Successful and precise diagnostic analysis of soilborne pathogens depends on many factors, such as the soil sampling procedure and subsequent treatments (drying, milling, sieving, and sample storage), efficient DNA extraction and suitable nucleic acid target sequence to achieve species-specificity. The many sources for non-optimal conditions for this type of molecular diagnosis imply that a careful interpretation of the results is needed. We suggest that soil tests for advisory work on farming practices should be based on different indicative threshold intervals, since the number of cells and thereby DNA in each individual microsclerotium of the two Verticillium species studied here varies substantially. It means that any strict correlation between the amount of DNA per gram soil and number of microsclerotia would be misleading. Cells of V. longisporum contain approximately twice more DNA than V. dahliae (Steventon et al. 2002) which adds to the complexity. A rough estimate based on 50 cells for each individual microsclerotium would equal 1 pg V. dahliae DNA alternatively 2 pg V. longisporum DNA per gram soil, which could be applied as thumb-rules for calculations based on qPCR-based soil analyses. Similarly, quantities below 100 fg DNA per gram soil should be regarded as trace levels. In light of estimations in other countries particularly on V. dahliae, levels above 10 microsclerotia/g soil should lead to serious concerns (Wei et al. 2015). However, economic losses related to different crops cannot be directly compared since there are various degrees of resistance genes introduced in the different crop varieties grown worldwide.
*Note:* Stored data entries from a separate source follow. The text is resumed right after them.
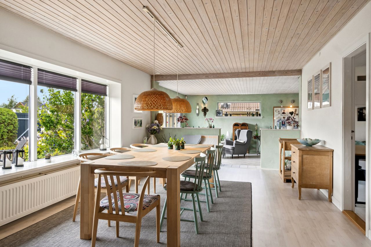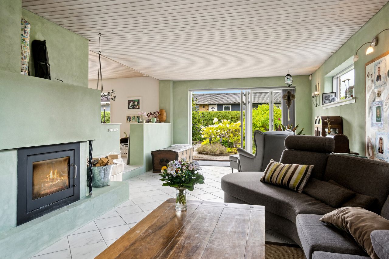 Gulstensvillaen breder sig over ét praktisk plan på 168 m2 med god plads til familielivet. I det tidløse, hvide køkken får I fine opbevaringsløsninger, og det er endda muligt at indrette en spisekrog til hverdagens små måltider. Fra køkkenet er der desuden direkte adgang til bryggerset. I den rummelige vinkelstue er der dejligt med plads til at etablere en spiseafdeling i den ene del, mens de bløde møbler kan arrangeres foran brændeovnen. Bemærk også, hvordan de velplacerede vinduespartier sørger for rige mængder dagslys.
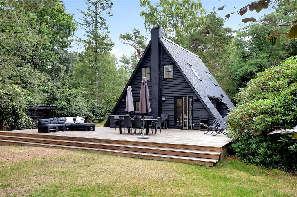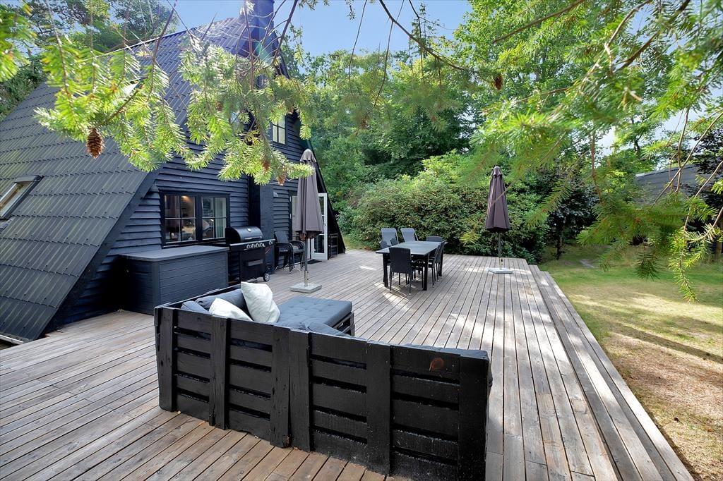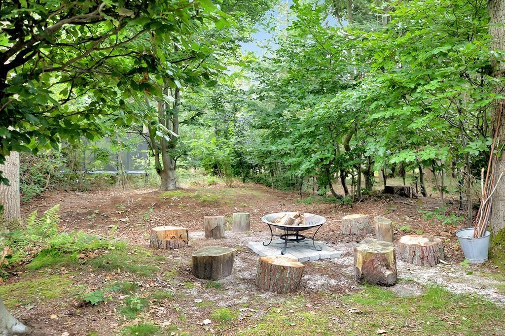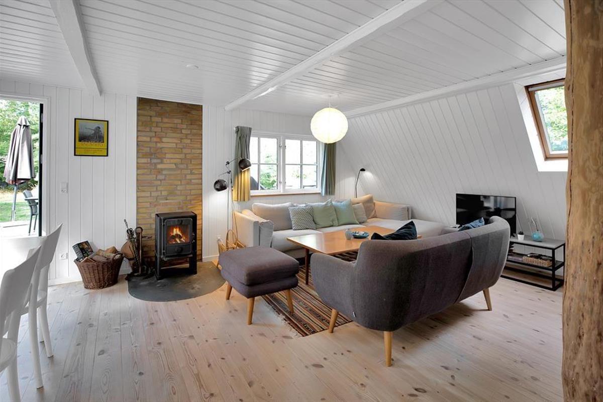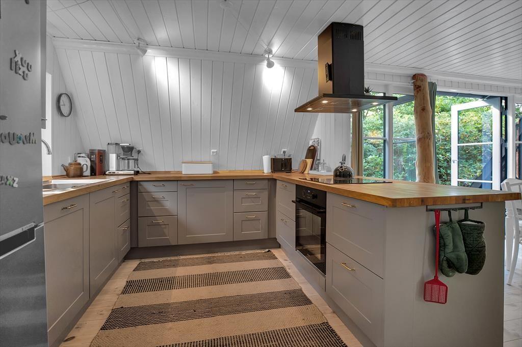 Das 2-stöckige Haus enthält im Erdgeschoss ein kombiniertes Ess- und Wohnzimmer mit Holzofen und Wärmepumpe und eine tolle Küche mit Geschirrspüler. Von dem Wohnzimmer aus gelangen Sie auf die große, herrliche Holzterrasse mit einem Blick von dem gemütlichen Garten, wo die
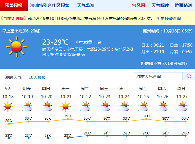 见圳客户端·深圳新闻网2019年10月18日讯 深圳市气象局消息,18日深圳晴天间多云,空气干燥,早晚稍凉,气温23-29℃。19-22日深圳天气持续晴好干燥,周末可以放心出门玩耍;23-24日多云,空气干燥,早晚有轻雾。
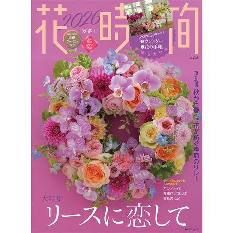 『花時間』は、美しい写真で綴るワンテーマ型の花のマガジン。今号は、「リースに恋して」と題し、さまざまなリースを紹介するほか、第2特集で「秋から冬、そして春に楽しみたい花」をお届けします。
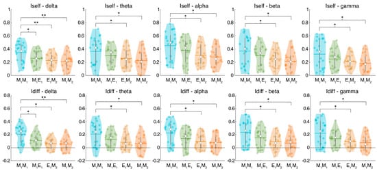 Iself and Idiff for each frequency band. Violin plot of the fingerprint scores representing the similarity between two functional connectomes (FCs) of the same individual obtained at different time points (Iself), and the extent to which an individual is differentiable within the dataset considering each case (Idiff). Colored dots represent the individuals, horizontal lines represent the average value, and white dots represent the median value. M1M1 compares the two recordings performed during the first morning (9:00 a.m. on day 1)—1 min distance; M1E1 compares the FC of the first morning and the FC of the evening (9:00 p.m. on day one)—12 h distance; E1M2 compares the FC of the evening and the FC of the second morning (9:00 a.m. on day two)—12 h distance including sleep deprivation; M1M2 compares the FC of the first morning and FC of the second morning—24 h distance including sleep deprivation. * = pfdr < 0.05, ** = pfdr < 0.01.
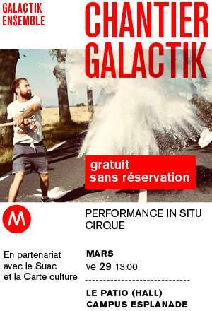 En écho au spectacle de cirque Optraken programmé au Maillon du 26 au 30 mars, cinq acrobates du collectif Galactik Ensemble font un détour sur le campus, pour une performance créée spécialement pour ce lieu.
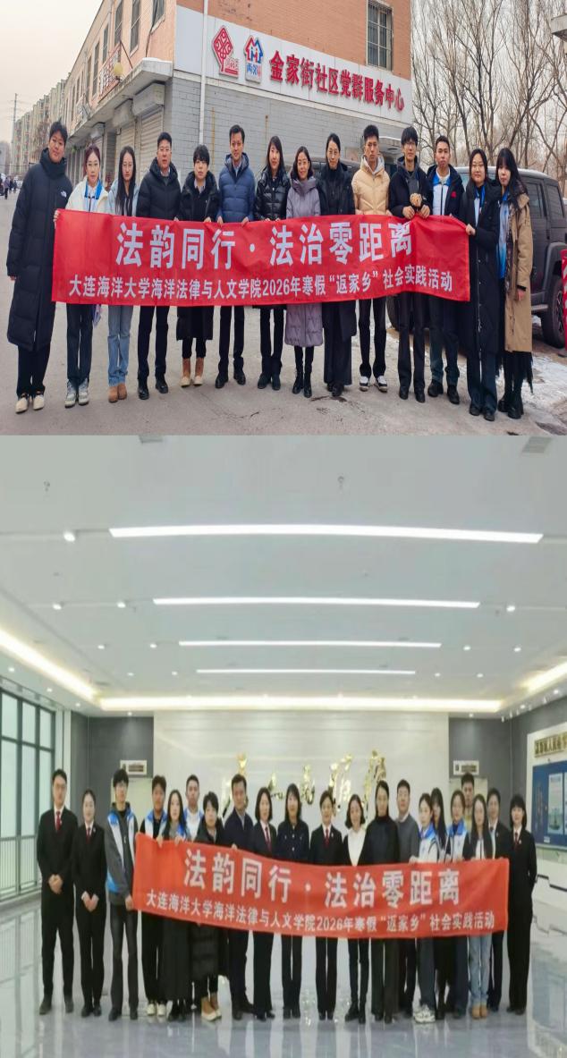 海洋法律与人文学院各社会实践团队,在杨毅、郭昕黎、邱愉珊、张恒毅等老师的指导下,42支队伍、200余名学子,分赴辽宁、内蒙古、黑龙江等4省14地,广泛开展了以红色基因传承、乡村教育振兴、传统文化弘扬、社区公益服务等为主题的“返家乡”社会实践。学子们走进基层法院参与实践学习,深入社区提供志愿服务,返回高中母校开展招生宣传,前往文化场馆进行调研学习。他们在社会大课堂中受教育、长才干、作贡献,将专业所学与社会需求紧密结合,用实际行动服务家乡建设,展现了海法学子昂扬向上、笃行致远的青春风貌。

Molecular monitoring of presumed infested soils is becoming an increasingly important management tool and analytic commercial services have been established for example to detect the Brassica clubroot pathogen P. brassicae (Wallenhammar et al. 2016). We foresee similar progress comprising other pathogens. In many cases, the same soil sample could be analyzed for the presence of DNA of multiple plant pathogens. Such multi-test would significantly increase the efficiency and at the same time lower the analytic costs for the growers. Proper interpretation of the analytic results and information on the farm history of the soil, the sample is taken from, are keys for implementation of this type of services by advisory groups.